Parkinson's disease is a progressive disabling neurodegenerative disease. Symptoms can include problems with movement such as being stiff, slow, and shaky, and sometimes non-motor symptoms such as problems with communication, mood, vision, and problem solving abilities. The role of the occupational therapist is to support individuals with Parkinson's disease and to enable them to maintain their usual level of self-care, work and leisure activities for as long as possible. The review found inadequate evidence from randomised controlled trials to evaluate the effect of occupational therapy for people with Parkinson's disease.
Considering the significant methodological flaws in the studies, the small number of patients examined, and the possibility of publication bias, there is insufficient evidence to support or refute the efficacy of occupational therapy in Parkinson's disease. There is now a consensus as to UK current and best practice in occupational therapy when treating people with Parkinson's disease. We now require large well designed placebo-controlled RCTs to demonstrate occupational therapy's effectiveness in Parkinson's disease. Outcome measures with particular relevance to patients, carers, occupational therapists and physicians should be chosen and the patients monitored for at least six months to determine the duration of benefit. The trials should be reported using CONSORT guidelines.
Despite drug and surgical therapies for Parkinson's disease, patients develop progressive disability. It has both motor and non-motor symptomatology, and their interaction with their environment can be very complex. The role of the occupational therapist is to support the patient and help them maintain their usual level of self-care, work and leisure activities for as long as possible. When it is no longer possible to maintain their usual activities, occupational therapists support individuals in changing and adapting their relationship with their physical and social environment to develop new valued activities and roles.
To compare the efficacy and effectiveness of occupational therapy with placebo or no interventions (control group) in patients with Parkinson's disease.

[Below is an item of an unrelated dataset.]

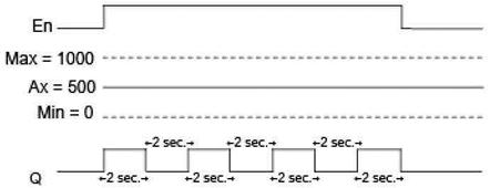 Аналоговое значение 500 (диапазон 0÷1000) в качестве значения Ax должно быть преобразовано в последовательность цифровых сигналов. Заданный пользователем интервал времени T составляет 4 секунды. На цифровом выходе функции PWM сигнал 2 секунды имеет высокое значение, 2 секунды низкое значение, до тех пор, пока на входе En сохраняется высокий уровень.

Relevant trials were identified by electronic searches of MEDLINE (1966-April 2007), EMBASE (1974-2000), CINAHL (1982-April 2007), Psycinfo (1806-April 2007), Ovid OLDMEDLINE (1950-1965), ISI Web of Knowledge (1981-April 2007), National Library for Health (NLH) (April 2007), Nursing, Midwifery and Allied Health (NMAP) (April 2007), Intute: Medicine (December 2005), Proquest Nursing Journals (PNJ, 1986 - April 2007); rehabilitation databases: AMED (1985-April 2007), MANTIS (1880-2000), REHABDATA (1956-2000), REHADAT (2000), GEROLIT (1979-2000); English language databases of foreign language research and third world publications: Pascal (1984-2000), LILACS (1982- April 2007), MedCarib (17th Century-April 2007), JICST-EPlus (1985-2000), AIM (1993-April 2007), IMEMR (1984-April 2007), grey literature databases: SIGLE (1980-2000), ISI-ISTP (1982-April 2007), DISSABS (1999-2000), Conference Papers Index (CPI, 1982-2000) and Aslib Index to Theses (AIT, 1716- April 2006), The Cochrane Controlled Trials Register (Issue 2, 2007), the CenterWatch Clinical Trials listing service (April 2007), the metaRegister of Controlled Trials (mRCT, April 2007), Current controlled trials (CCT) (April 2007), ClinicalTrials.gov (April 2007), CRISP (1972-April 2007), PEDro (April 2007), NIDRR (April 2007) and NRR (April 2007) and the reference lists of identified studies and other reviews were examined.

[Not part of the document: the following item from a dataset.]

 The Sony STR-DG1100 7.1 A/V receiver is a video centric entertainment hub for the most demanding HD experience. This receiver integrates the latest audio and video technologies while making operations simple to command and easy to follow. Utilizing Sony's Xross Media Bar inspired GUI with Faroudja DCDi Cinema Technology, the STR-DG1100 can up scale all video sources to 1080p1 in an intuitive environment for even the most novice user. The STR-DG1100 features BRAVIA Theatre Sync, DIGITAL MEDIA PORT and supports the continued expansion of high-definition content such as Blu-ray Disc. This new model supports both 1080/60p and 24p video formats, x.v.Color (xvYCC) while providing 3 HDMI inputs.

Only randomised controlled trials (RCT) were included, however those trials that allowed quasi-random methods of allocation were allowed.

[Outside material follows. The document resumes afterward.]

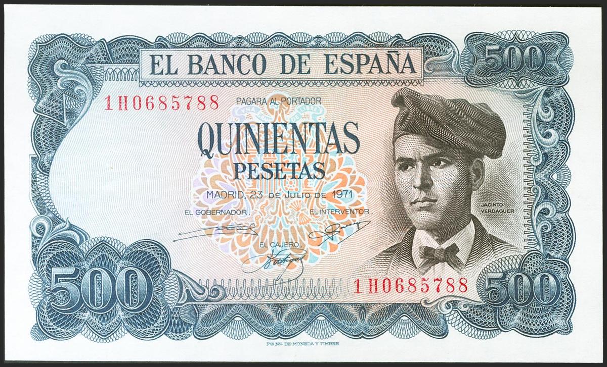 500 Pesetas. 23 de Julio de 1971. Serie 1H. (Edifil 2021: 473a). Conserva todo su apresto original. EBC+.

Data was abstracted independently by two authors and differences were settled by discussion.
Two trials were identified with 84 patients in total. Although both trials reported a positive effect from occupational therapy, all of the improvements were small. The trials did not have adequate placebo treatments, used small numbers of patients and the method of randomisation and concealment of allocation was not specified in one trial. These methodological problems could potentially lead to bias from a number of sources reducing the strength of the studies further.